The molecular landscape of ETMR at diagnosis and relapse.

Nature 2019 12 4;576(7786):274-280. Epub 2019 Dec 4.

Department of Pathology, St Jude Children's Research Hospital, Memphis, TN, USA.

Embryonal tumours with multilayered rosettes (ETMRs) are aggressive paediatric embryonal brain tumours with a universally poor prognosis. Here we collected 193 primary ETMRs and 23 matched relapse samples to investigate the genomic landscape of this distinct tumour type. We found that patients with tumours in which the proposed driver C19MC was not amplified frequently had germline mutations in DICER1 or other microRNA-related aberrations such as somatic amplification of miR-17-92 (also known as MIR17HG). Whole-genome sequencing revealed that tumours had an overall low recurrence of single-nucleotide variants (SNVs), but showed prevalent genomic instability caused by widespread occurrence of R-loop structures.
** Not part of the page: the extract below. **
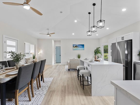Welcome to this beautiful newly built 3-bedroom, 2-bath home in the highly desirable Hawaiian Paradise Park subdivision. Nestled on a full 1-acre lot. Whether you're looking for your forever home, a vacation retreat, or a smart investment, this brand new property offers comfort, quality, and island living at its finest.<br><br> Interior Features:<br>-Large kitchen island – ideal for meal prep, gathering, or casual dining<br>-White quartz countertops, white shaker hardwood cabinetry, and stainless steel appliances<br>-Luxury vinyl plank flooring throughout<br>-Floor-to-ceiling tiled bathrooms<br>-Primary suite features a glass-enclosed walk-in shower and an extra-large walk-in closet<br>-Split floor plan offers added privacy between the primary suite and guest bedrooms<br>-Spacious open-concept layout with seamless flow between kitchen, dining, and living areas<br>-Convenient indoor laundry room with washer & dryer included<br><br> Exterior Highlights:<br>-Covered back lanai <br>-Concrete driveway<br>-Enclosed garage for secure parking and additional storage<br>-Half cleared and landscaped property on a 1-acre parcel<br><br>Peace of Mind Included:<br>-Enjoy worry-free living with a 1-year contractor warranty included.

We show that R-loop-associated chromosomal instability can be induced by the loss of DICER1 function. Comparison of primary tumours and matched relapse samples showed a strong conservation of structural variants, but low conservation of SNVs. Moreover, many newly acquired SNVs are associated with a mutational signature related to cisplatin treatment. Finally, we show that targeting R-loops with topoisomerase and PARP inhibitors might be an effective treatment strategy for this deadly disease.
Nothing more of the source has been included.